MIT CSAIL alumnus Jonathan Frankle PhD ‘23 has received the 2023 AAAI/ACM SIGAI Doctoral Dissertation Award for his empirical work studying how we can build smaller, more efficient neural networks — essentially, machine-learning systems that use nodes to recognize patterns.
From chatbots to image recognition software and drug discovery, neural networks enable AI systems to complete tasks that require them to make decisions based on common threads in data they’ve seen. But before Frankle’s work, engineers believed we needed to build massive neural networks to ensure performance, then shrink them down post-training.
Frankle found that within large neural networks were smaller, more efficient ones, potentially minimizing computational costs. His dissertation, aptly titled “The lottery ticket hypothesis,” revealed that you could keep networks small for much or all of the training process — thanks to particularly efficient subnetworks he calls “winning tickets.” These components performed comparably to larger networks despite being 10-20% of their size. Frankle’s paper would go on to receive a Best Paper Award at ICLR 2019.

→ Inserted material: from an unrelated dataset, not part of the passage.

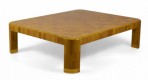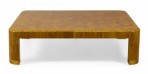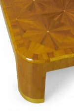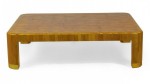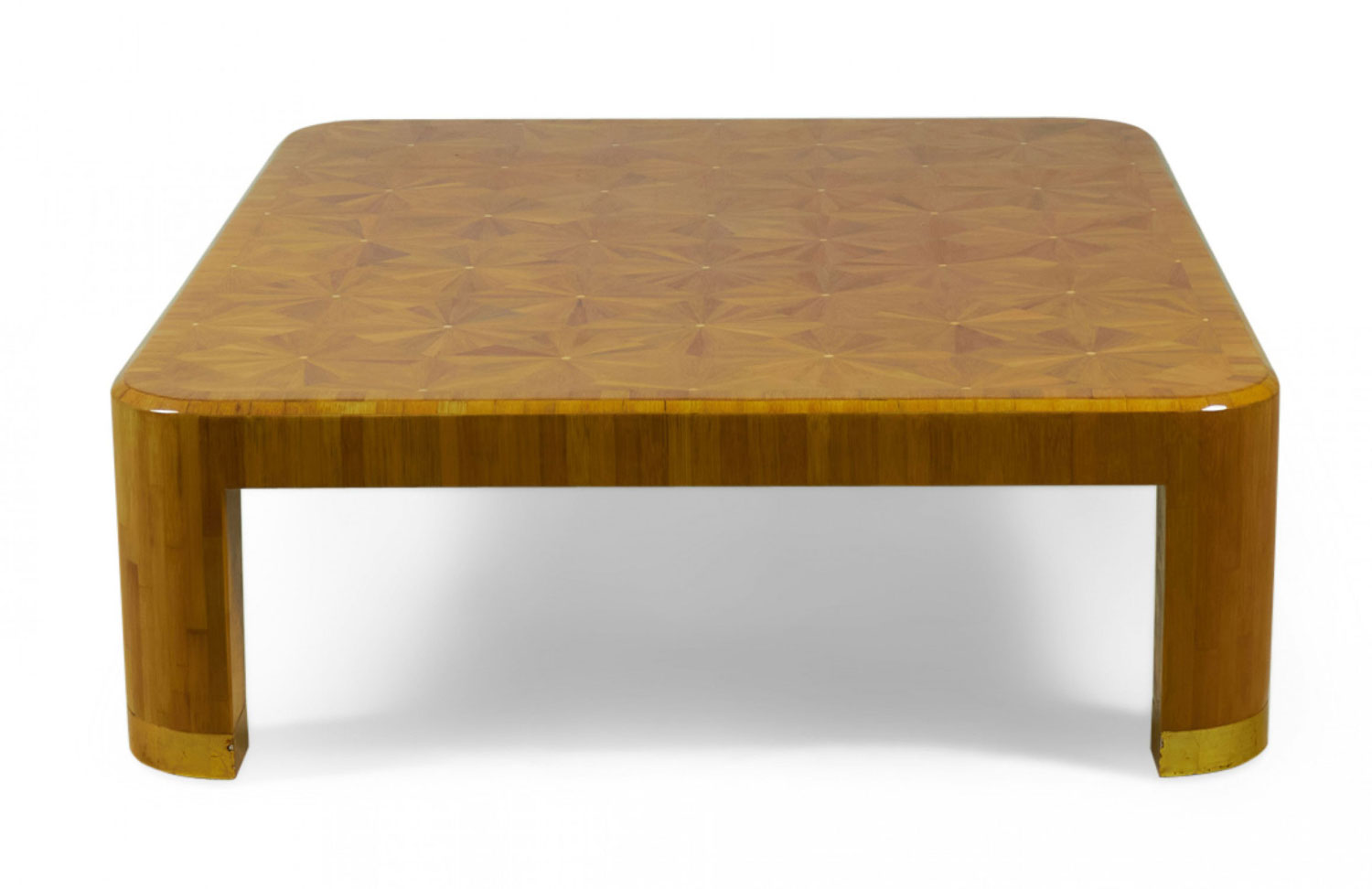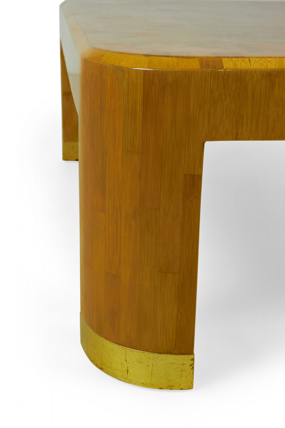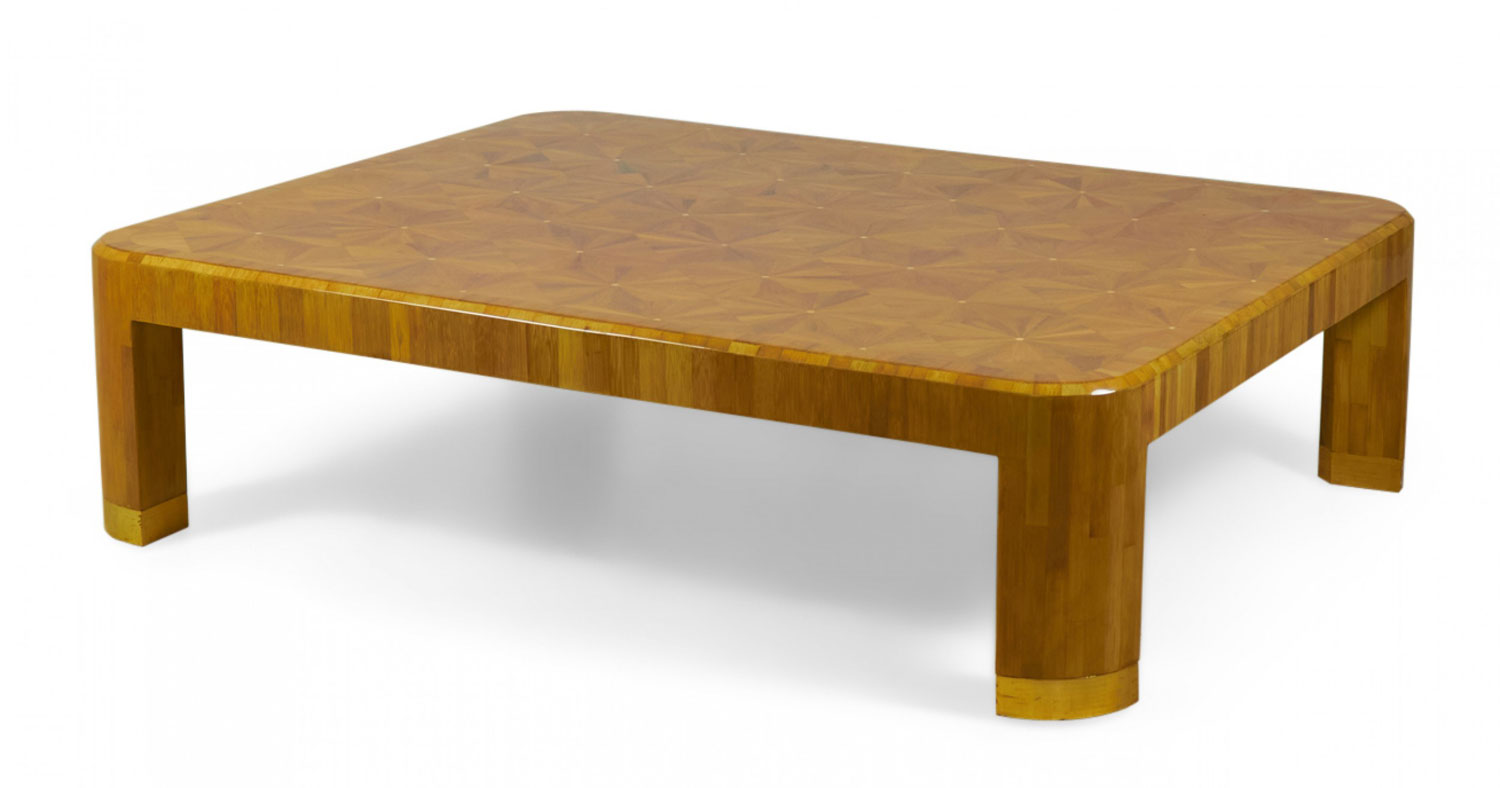 American High Style (circa 1980s) rectangular coffee table with a straw (raffia wood) veneer marquetry top in a starburst pattern having a high gloss lacquer finish, resting on curved straw veneer legs ending in gilt trim. (RON SEFF).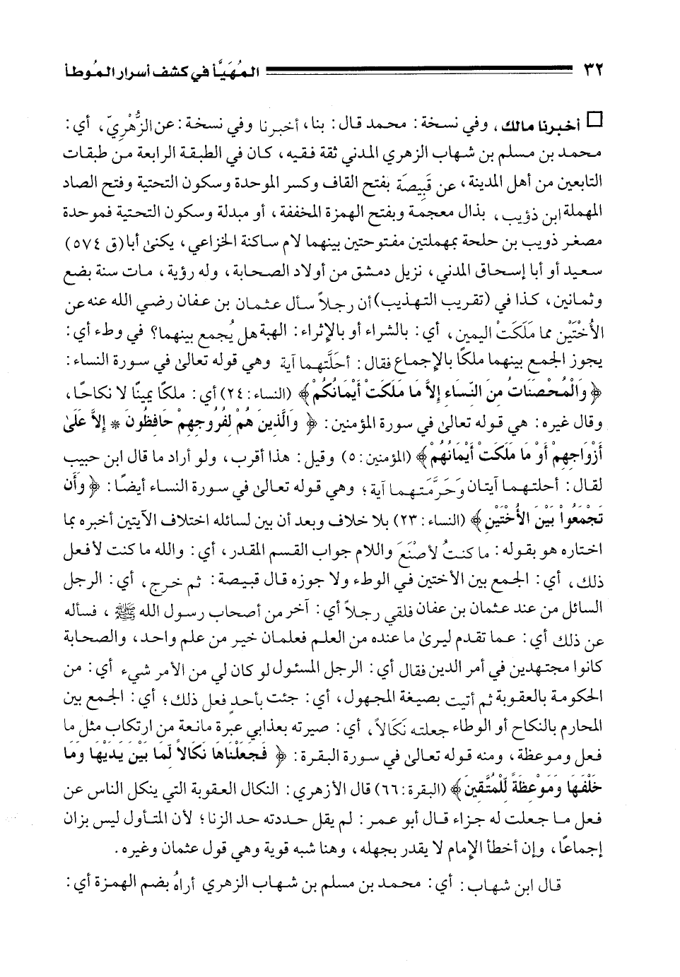 • أخبرنا مالك، وفي نسخة: محمد قال: بنا، أخبرنا وفي نسخة: عن الزُّهْرِيّ، أي: محمد بن مسلم بن شهاب الزهري المدني ثقة فقيه، كان في الطبقة الرابعة من طبقات التابعين من أهل المدينة، عن قَبِيصَة بفتح القاف وكسر الموحدة وسكون التحتية وفتح الصاد المهملة ابن ذؤيب، بذال معجمة وبفتح الهمزة المخففة، أو مبدلة وسكون التحتية فموحدة مصغر ذويب بن حلحة بمهملتين مفتوحتين بينهما لام ساكنة الخزاعي، يكنى أبا (ق 574) سعيد أو أبا إسحاق المدني، نزيل دمشق من أولاد الصحابة، وله رؤية، مات سنة بضع وثمانين، كذا في (تقريب التهذيب) أن رجلًا سأل عثمان بن عفان رضي الله عنه عن الأُخْتَيْن مما مَلَكَتْ اليمين، أي: بالشراء أو بالإِثراء: الهبة هل يُجمع بينهما؟ في وطء أي: يجوز الجمع بينهما ملكًا بالإِجماع وقال: أحَلَّتهما آية وهي قوله تعالى في سورة النساء: {وَالْمُحْصَنَاتُ مِنَ النِّسَاءِ إِلَّا مَا مَلَكَتْ أَيْمَانُكُمْ} [النساء: 24] أي: ملكًا يمينًا لا نكاحًا، وقال غيره: هي قوله تعالى في سورة المؤمنين: {وَالَّذِينَ هُمْ لِفُرُوجِهِمْ حَافِظُونَ (5) إِلَّا عَلَى أَزْوَاجِهِمْ أَوْ مَا مَلَكَتْ أَيْمَانُهُمْ} [المؤمنون: 5، 6] وقيل: هذا أقرب، ولو أراد ما قال ابن حبيب لقال: أحلتهما آيتان وَحَرَّمَتهما آية؛ وهي قوله تعالى في سورة النساء أيضًا: {وَأَنْ تَجْمَعُوا بَيْنَ الْأُخْتَيْنِ} [النساء: 23] بلا خلاف وبعد أن بين لسائله اختلاف الآيتين أخبره بما اختاره هو بقوله: ما كنتُ لأصْنَعَ واللام جواب القسم المقدر، أي: والله ما كنت لأفعل ذلك، أي: الجمع بين الأختين في الوطء ولا جوزه قال قبيصة: ثم خرج، أي: الرجل السائل من عند عثمان بن عفان فلقي رجلًا أي: آخر من أصحاب رسول الله - صلى الله عليه وسلم -، فسأله عن ذلك أي: عما تقدم ليرى ما عنده من العلم فعلمان خير من علم واحد، والصحابة كانوا مجتهدين في أمر الدين فقال أي: الرجل المسئول لو كان لي من الأمر شيء أي: من الحكومة بالعقوبة ثم أتيت بصيغة المجهول، أي: جئت بأحدٍ فعل ذلك؛ أي: الجمع بين المحارم بالنكاح أو الوطاء جعلته نَكَالًا، أي: صيرته بعذابي عبرة مانعة من ارتكاب مثل ما فعل وموعظة، ومنه قوله تعالى في سورة البقرة: {فَجَعَلْنَاهَا نَكَالًا لِمَا بَيْنَ يَدَيْهَا وَمَا خَلْفَهَا وَمَوْعِظَةً لِلْمُتَّقِينَ} [البقرة: 66] قال الأزهري: النكال العقوبة التي ينكل الناس عن فعل ما جعلت له جزاء قال أبو عمر: لم يقل حددته حد الزنا؛ لأن المتأول ليس بزان إجماعًا، وإن أخطأ الإِمام لا يقدر بجهله، وهنا شبه قوية وهي قول عثمان وغيره.

During his CSAIL days, Frankle worked with MIT professor and CSAIL principal investigator Michael Carbin. In 2021, they co-founded MosaicML as a CSAIL spinout to make it possible for everyone to build advanced AI models by making the training process more efficient. Three years later, their company was acquired for $1.3 billion from Databricks, where Frankle now works as Chief AI Scientist.
He continues to study how contemporary neural networks learn in practice and to strive to enable everyone to build with modern AI. “I think we can build better and better AI systems — and do so more efficiently — if we understand how neural networks learn,” says Frankle. “And I think the best way to do so is to study the real artifacts that have made us so excited about AI in the first place.”